* About this task *
Every line of the material is to be returned verbatim. Pictures stay out.

* Dataset section *
========================
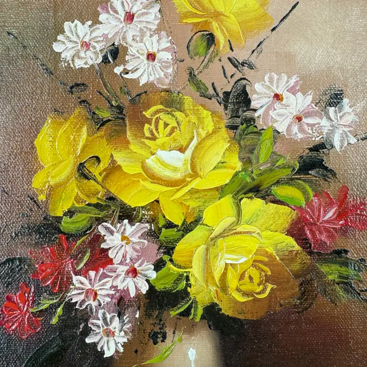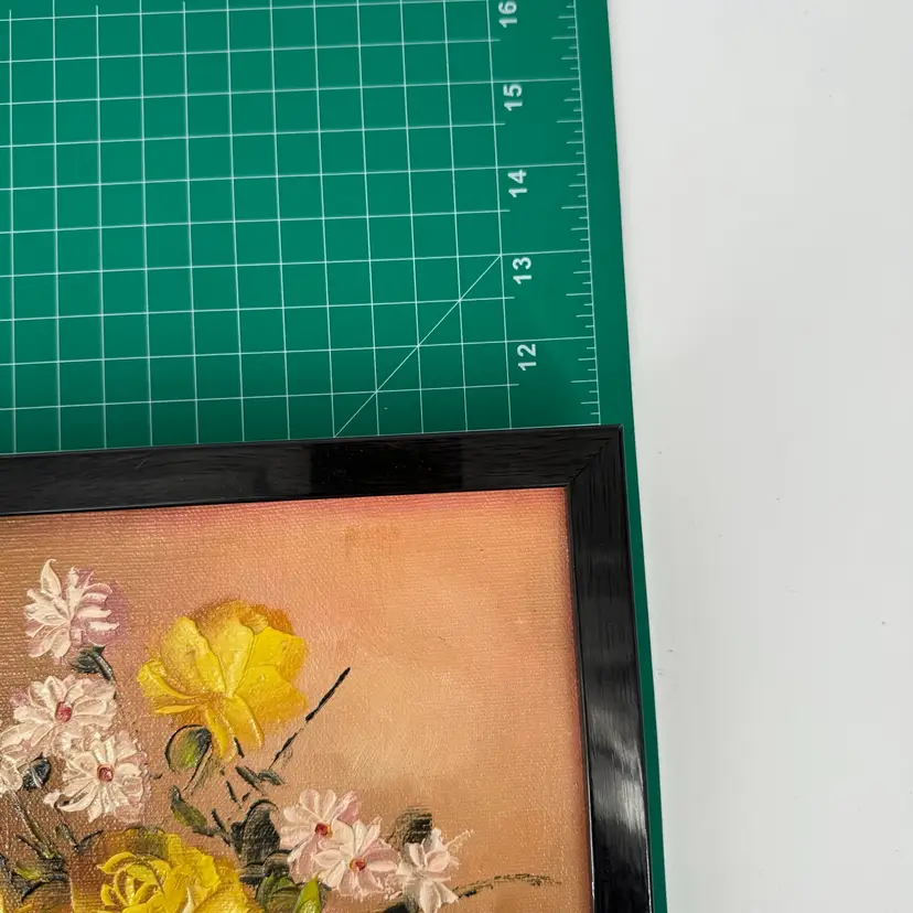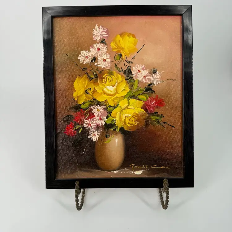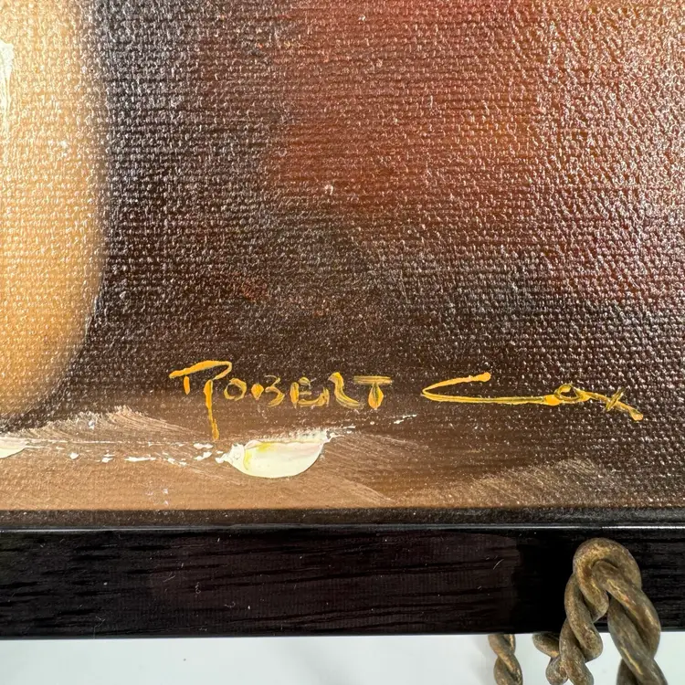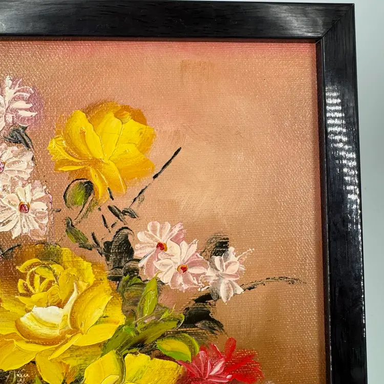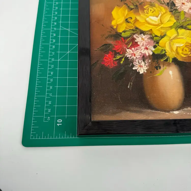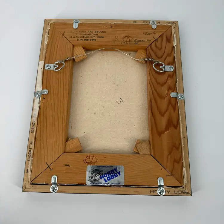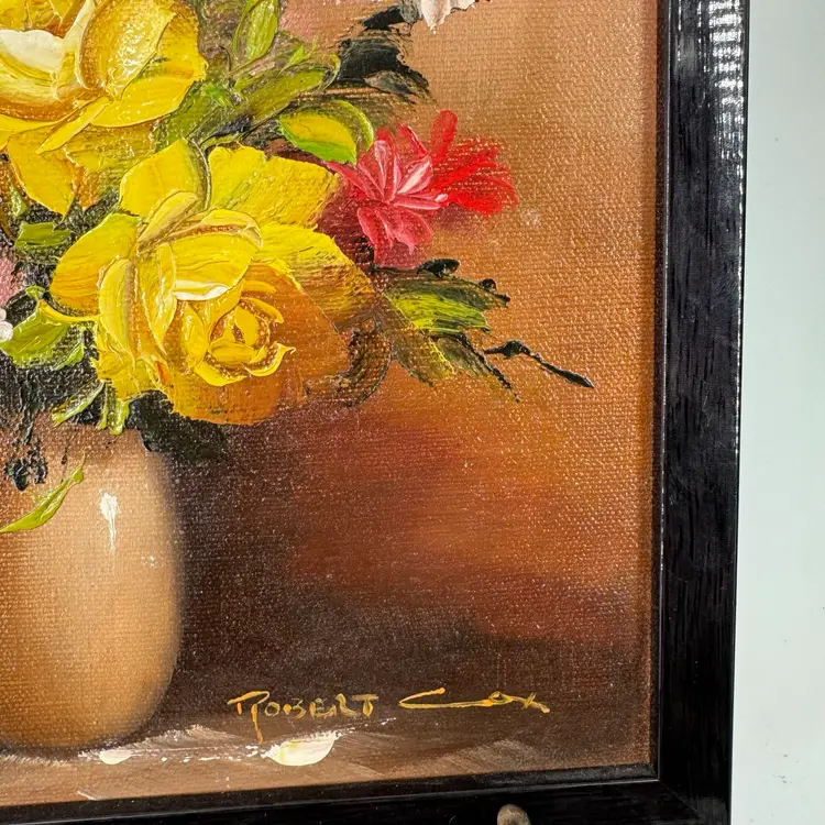 This floral painting is attributed to Robert Cox. There are no known issues. In the images, please notice the many markings on the back of the painting and the vibrant colors. Frame measures roughly 9x11 in. Zoom in on the images to see details of the item to ensure it is to your liking. Please reach out with any questions.
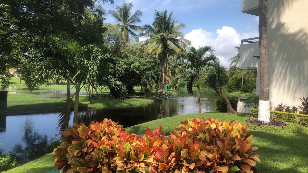 Ground floor apartment with all services and intact interiors after OTIS/JOHN. Huge pool with an amazing garden, private Jacuzzi, 24/7 security, 300 MB WIFI speed, and an equipped kitchen. Your private parking space is a few steps from the door. Located on the main Ave in the Diamante area, 7 min from the Aero and 1.2 km from the beach. 2 BRs and a living room with mini-splits, 2 bathrooms, Bluetooth speakers in the ceiling, a folding desk in the living room with views to the garden.
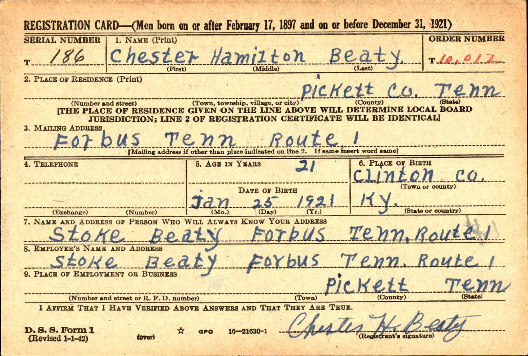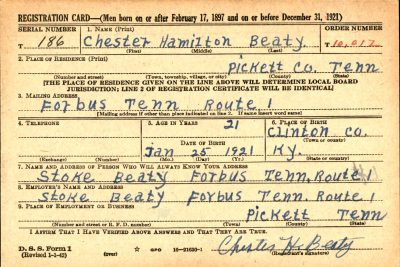 Chester Hamilton Beaty was born on 25 January 1921 in Clinton, Kentucky. He was the son of Stokley Long Beaty and Effie Lee Dalton.
========================
* Answer for this exercise *
 This floral painting is attributed to Robert Cox. There are no known issues. In the images, please notice the many markings on the back of the painting and the vibrant colors. Frame measures roughly 9x11 in. Zoom in on the images to see details of the item to ensure it is to your liking. Please reach out with any questions.
 Ground floor apartment with all services and intact interiors after OTIS/JOHN. Huge pool with an amazing garden, private Jacuzzi, 24/7 security, 300 MB WIFI speed, and an equipped kitchen. Your private parking space is a few steps from the door. Located on the main Ave in the Diamante area, 7 min from the Aero and 1.2 km from the beach. 2 BRs and a living room with mini-splits, 2 bathrooms, Bluetooth speakers in the ceiling, a folding desk in the living room with views to the garden.
 Chester Hamilton Beaty was born on 25 January 1921 in Clinton, Kentucky. He was the son of Stokley Long Beaty and Effie Lee Dalton.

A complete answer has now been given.